5. The key to our sustainability has always been small employer enrollments in our Small Business Health Options Program (SHOP). Due to the existence of Prepaid and the small number of health insurers in the state, there is little need for the average small business to use SHOP. The ACA small business tax credit is a real incentive, but few businesses may qualify for the credit. Also, the federal and state decision to give SHOP employers the option to remain with their existing insurance plans in 2014 has reduced the volume of potential customers. The State has a pending request to extend this option through 2017. If granted, it will continue to limit enrollment volume through the Connector. 

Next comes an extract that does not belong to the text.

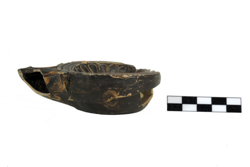 Lucerna a volute, serbatoio troncoconico, spalla piatta e sottolineata da tre solcature concentriche, incise profondamente, e da tre cordoli, il disco a pareti concave è decorato da 16 baccellature disposte attorno allinfindibulum centrale, delimitato da un piatto anello, volute plastiche a bottoncino rotondo. Fondo leggermente concavo delimitato da due solcature concentriche. Foro di sfiato sull'attacco del becco, al centro, foro di bruciatura allestremità del becco triangolare. L'argilla è di colore camoscio, la vernice è bruna molto scura e diluita.

6. We may be able to reduce operating expenses by considering changes to the Connector’s business processes and IT systems in the future, in both the Individual and SHOP marketplaces. Also, we need to consider other enrollment and revenue sources allowed under the ACA, working with our stakeholders to see what makes sense for Hawaii. Those revenue and expense options are being considered by the Board in the next phases of the sustainability planning process. 

7. If there are no changes to current revenue sources or projected operating expenses, the Connector will become unsustainable in 2015 unless there is a grant extension from the federal funding agency. With an extension, if nothing else changes it will become unsustainable a year later. (As of the date of this testimony we do not have a decision about the grant extension.)

8. If state policy is to protect Prepaid while implementing the ACA federal mandates and increasing coverage for all, then the community will have to find a way to sustain the Connector’s services until the ACA Innovation Waiver can be considered for 2017. With the waiver, the community has an opportunity to change the State-based Marketplace to better fit Hawaii’s unique market. A State Innovation Waiver Task Force has been proposed in HB 2581, HD2. If that measure passes, to provide time for the Task Force to do its work, the Connector’s services could be preserved during the interim by increasing fees assessed by the Connector, by a fee assessed by the State across the market, by finding other revenue sources, or by a combination of the above. 

9. This information about the Connector’s sustainability does not change our current operations. Regardless of the outcome of the Connector-related bills, we will continue to facilitate enrollment and provide public education services for Hawaii’s people. 

Thank you for the opportunity to provide comments on this measure.